Burnofsky came to the funeral. I avoided his gaze. He knew something had passed between us that could not now be overcome. He knew we had become enemies.
He tried to speak to me. I looked through him.
Donna did not attend. She was being treated for severe depression and psychosis following a suicide attempt. On top of Mitch’s suicide, it became painfully clear that we were linked inextricably with our biots. To lose a biot was to lose a part of ourselves. Had Donna been sane enough to follow my order, I, too, would have lost my mind.
In some way that I never understood scientifically, when we create a biot we transfer some part of our soul into it. We make ourselves hostage to it.
I found out later where we had gotten the tissue samples we used to create the first experimental biots. Most were from a small village in the Ivory Coast.
All of those early biots had been destroyed.
The village, thousands of miles away, had succumbed to what the doctors from Doctors Without Borders diagnosed as some form of mass hysteria. Within a few weeks—on days corresponding with the dates when we had destroyed the test biots—seven people in the village had lost their minds and either killed themselves or been killed in the act of committing atrocities.

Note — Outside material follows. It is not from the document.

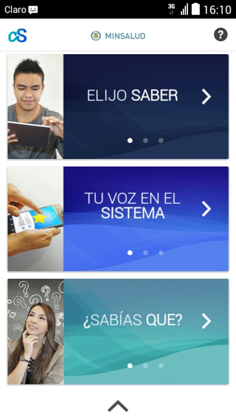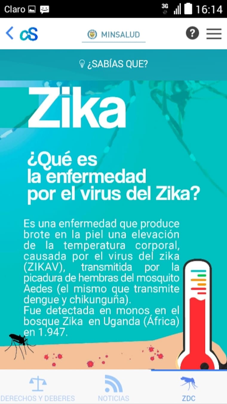 La última pestaña del menú principal se llama '¿Sabías qué?', en esta el usuario se entera sobre lo que está sucediendo en el sistema de salud, conoce sus derechos y deberes en el sistema, se entera de las últimas noticias y conoce los síntomas y recomendaciones relacionadas con el zica, chikunguña y dengue.

There was no escaping the biot effect. Distance was no defense. To lose a biot was to lose your mind.
I would never be rid of it.
No one who created a biot could ever be rid of it.
My financial angel profited handsomely when one of our new generation drugs was approved by the FDA. I had money enough to buy back all shares of McLure Labs.
I began to take the business more seriously, and began to groom Stone to take over some day. He was the oldest. He was the more studious. Sadie had never shown any interest in McLure Labs.
We got along well, the three of us. I like to think I became a better father. Birgid’s death had placed the responsibility plainly on me. And each time I joked with Stone or teased Sadie, I knew that my own time might be short. I had to be a father while I could, because we had no way to know when my biot might die and take me down to the desperate place where Mitch and Donna had gone before.
And if that wasn’t my end, well, I knew now that the eyes of the Armstrongs were on me. And I knew now what they were.
Over the next few years I would hear from Lear from time to time. I would be sent bright young people. A strapping, fun-loving British soldier named Alex. A serious young man named Michael. And I would meet the man who even then in those early days answered only to the nom de guerre Caligula.
Lear was forming a small army to counter the Armstrongs and Burnofsky. An army of those willing to risk madness to fight evil.
I had been enlisted in that war. It was a war to save humanity itself from slavery. But for me it was above all a fight to save my children. I would do whatever I had to do to protect them, to keep them safe and apart.
Because I never wanted them to have to hear the word BZRK.